▶ _Aim of the exercise_: No pictures go in the copy. Restate, word for word, each line from the one containing "Visita a la empresa local Capitas S.L." through the last line below.

▶ _Data_:

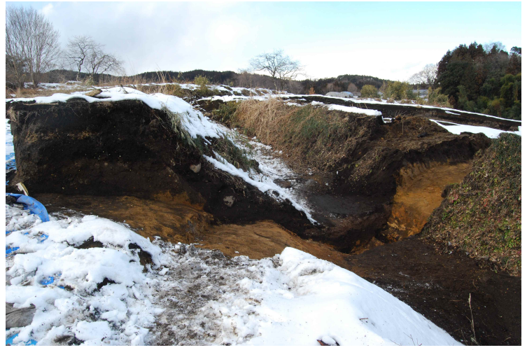
2. 堀切西側トレンチ(東から)
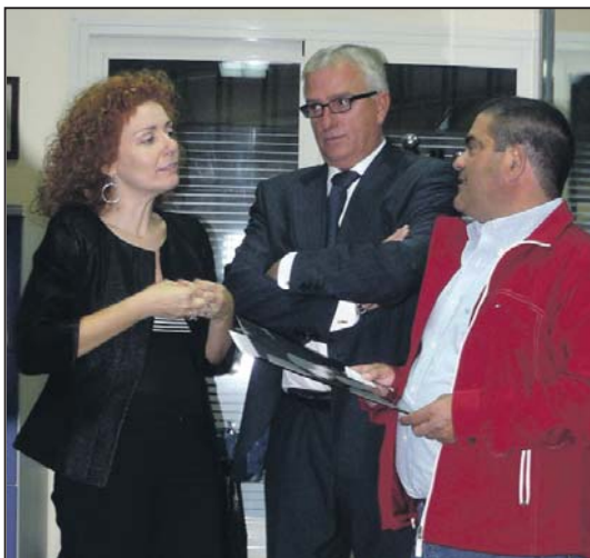
Visita a la empresa local Capitas S.L.
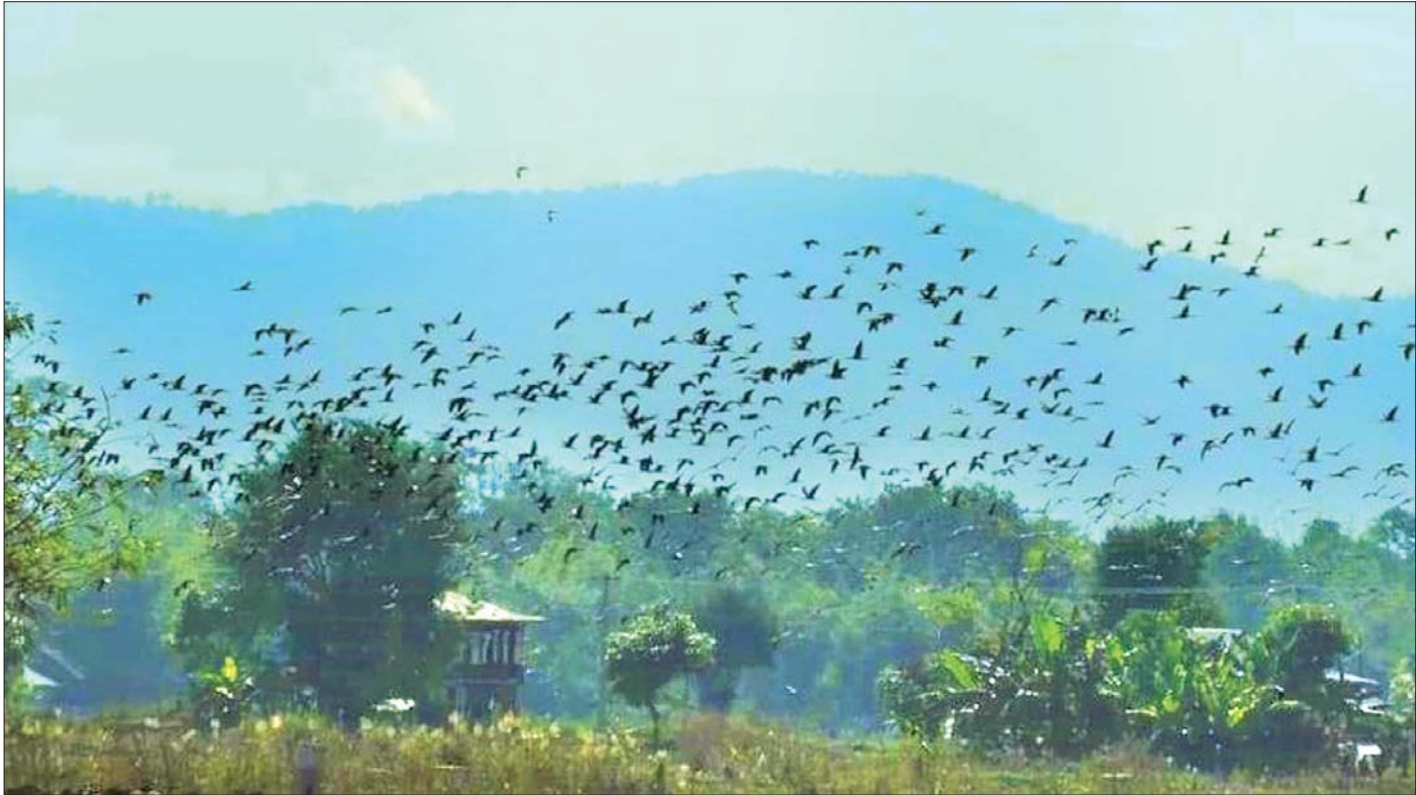
အင်းလေးကန် ဇီဝအဝန်းနယ်မြေအတွင်း ကျက်စားကြသည့် ငှက်များကိုတွေ့ရစဉ်။

သဘာဝကိုအခြေခံသော ခရီးသွားလုပ်ငန်းကို ကမ္ဘာ့နိုင်ငံများအနေဖြင့် နိုင်ငံ၏ဝင်ငွေတစ်ခုအဖြစ် အပြိုင်အဆိုင်ဖော်ဆောင်ခဲ့ကြရာ ကိုဗစ်-၁၉ ရောဂါ ကြုံတွေ့ရသော ကာလတွင်လည်း ရောဂါကာကွယ် ထိန်းချုပ်ရေးနည်းလမ်းများဖြင့် ခရီးသွားလုပ်ငန်းမှ ဝင်ငွေအချို့ ရရှိခဲ့ကြသည်။ ခရီးသွားလုပ်ငန်း၏ အဓိကအသက်သွေးကြောဖြစ်သော ဇီဝမျိုးစုံမျိုးကွဲ များနှင့် ဂေဟစနစ်များ ထိန်းသိမ်းထားရှိရာ ဇီဝ အဝန်းနယ်မြေနှစ်ခုတွင် နေထိုင်သော ဒေသခံတို့၏ လူမှုရေးနှင့်ပွားရေးကဏ္ဍများ ရေရှည်တည်တံ့ ခိုင်မြဲစေလျက် ထိုဒေသ၏ဂေဟစနစ်များ ဖွံ့ဖြိုး တိုးတက်မှုကို ဝိုင်းဝန်းထိန်းသိမ်း၍ လူနှင့်သဘာဝ သဟဇာတဖြစ်တည်မှုကို ပေါင်းစည်းပေးခြင်းဖြင့် အင်းလေးကန်နှင့် အင်းတော်ကြီးကန်တို့၏ ဇီဝ အဝန်းနယ်မြေနှစ်ခုကို ဆက်လက်ထိန်းသိမ်း စောင့်ရှောက်လျက်ရှိသည်။

▶ _Task answer_:
Visita a la empresa local Capitas S.L.
အင်းလေးကန် ဇီဝအဝန်းနယ်မြေအတွင်း ကျက်စားကြသည့် ငှက်များကိုတွေ့ရစဉ်။

သဘာဝကိုအခြေခံသော ခရီးသွားလုပ်ငန်းကို ကမ္ဘာ့နိုင်ငံများအနေဖြင့် နိုင်ငံ၏ဝင်ငွေတစ်ခုအဖြစ် အပြိုင်အဆိုင်ဖော်ဆောင်ခဲ့ကြရာ ကိုဗစ်-၁၉ ရောဂါ ကြုံတွေ့ရသော ကာလတွင်လည်း ရောဂါကာကွယ် ထိန်းချုပ်ရေးနည်းလမ်းများဖြင့် ခရီးသွားလုပ်ငန်းမှ ဝင်ငွေအချို့ ရရှိခဲ့ကြသည်။ ခရီးသွားလုပ်ငန်း၏ အဓိကအသက်သွေးကြောဖြစ်သော ဇီဝမျိုးစုံမျိုးကွဲ များနှင့် ဂေဟစနစ်များ ထိန်းသိမ်းထားရှိရာ ဇီဝ အဝန်းနယ်မြေနှစ်ခုတွင် နေထိုင်သော ဒေသခံတို့၏ လူမှုရေးနှင့်ပွားရေးကဏ္ဍများ ရေရှည်တည်တံ့ ခိုင်မြဲစေလျက် ထိုဒေသ၏ဂေဟစနစ်များ ဖွံ့ဖြိုး တိုးတက်မှုကို ဝိုင်းဝန်းထိန်းသိမ်း၍ လူနှင့်သဘာဝ သဟဇာတဖြစ်တည်မှုကို ပေါင်းစည်းပေးခြင်းဖြင့် အင်းလေးကန်နှင့် အင်းတော်ကြီးကန်တို့၏ ဇီဝ အဝန်းနယ်မြေနှစ်ခုကို ဆက်လက်ထိန်းသိမ်း စောင့်ရှောက်လျက်ရှိသည်။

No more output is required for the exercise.